XGBoost & LightGBM

XGBoost is a powerful and popular library for gradient boosted trees. For larger datasets or faster training XGBoost also provides a distributed computing solution. LightGBM is another library similar to XGBoost; it also natively supplies native distributed training for decision trees.

Dask-ML can set up distributed XGBoost or LightGBM for you and hand off data from distributed dask.dataframes. This automates much of the hassle of preprocessing and setup while still letting XGBoost/LightGBM do what they do well.

Below, we’ll refer to an example with XGBoost. Here are the relevant XGBoost classes/functions:

train(client, params, data, labels[, ...])

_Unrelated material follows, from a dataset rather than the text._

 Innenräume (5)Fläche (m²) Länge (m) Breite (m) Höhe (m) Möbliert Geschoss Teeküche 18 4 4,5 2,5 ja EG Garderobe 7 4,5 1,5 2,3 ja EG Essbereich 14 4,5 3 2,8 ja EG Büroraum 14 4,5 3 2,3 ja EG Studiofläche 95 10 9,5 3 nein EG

Train an XGBoost model on a Dask Cluster

predict(client, model, data)

Distributed prediction with XGBoost

XGBClassifier(*[, objective, use_label_encoder])

Attributes

XGBRegressor(*[, objective])

Attributes

The LightGBM implementation can be found at https://github.com/microsoft/LightGBM and documentation can be found at https://lightgbm.readthedocs.io/en/latest/Parallel-Learning-Guide.html#dask.

Example

from dask.distributed import Client
client = Client('scheduler-address:8786')

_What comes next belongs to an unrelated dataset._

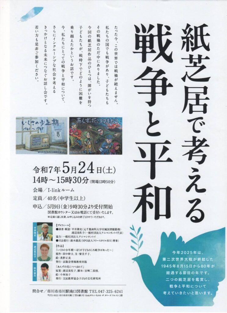 戦後80年となる今年、5月24日の14時より、JR市川駅の南口に出て左側(本八幡方向)に進んだ方のビルの3階にある「I-linkルーム(アイリンクルーム)」で、『紙芝居で考える戦争と平和』と題された集いが行われます。

import dask.dataframe as dd
df = dd.read_parquet('s3://...')

# Split into training and testing data
train, test = df.random_split([0.8, 0.2])

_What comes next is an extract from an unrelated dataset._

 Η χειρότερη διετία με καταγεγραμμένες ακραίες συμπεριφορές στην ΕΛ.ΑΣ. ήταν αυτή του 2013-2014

# Separate labels from data
train_labels = train.x > 0
test_labels = test.x > 0

del train['x']  # remove informative column from data
del test['x']  # remove informative column from data

# from xgboost import XGBRegressor  # change import
from dask_ml.xgboost import XGBRegressor

est = XGBRegressor(...)
est.fit(train, train_labels)

prediction = est.predict(test)

How this works

Dask sets up XGBoost’s master process on the Dask scheduler and XGBoost’s worker processes on Dask’s worker processes. Then it moves all of the Dask dataframes’ constituent Pandas dataframes to XGBoost and lets XGBoost train. Fortunately, because XGBoost has an excellent Python interface, all of this can happen in the same process without any data transfer. The two distributed services can operate together on the same data.

When XGBoost is finished training Dask cleans up the XGBoost infrastructure and continues on as normal.

This work was a collaboration with XGBoost and SKLearn maintainers. See relevant GitHub issue here: dmlc/xgboost #2032

See the “Dask-ML examples” for an example usage.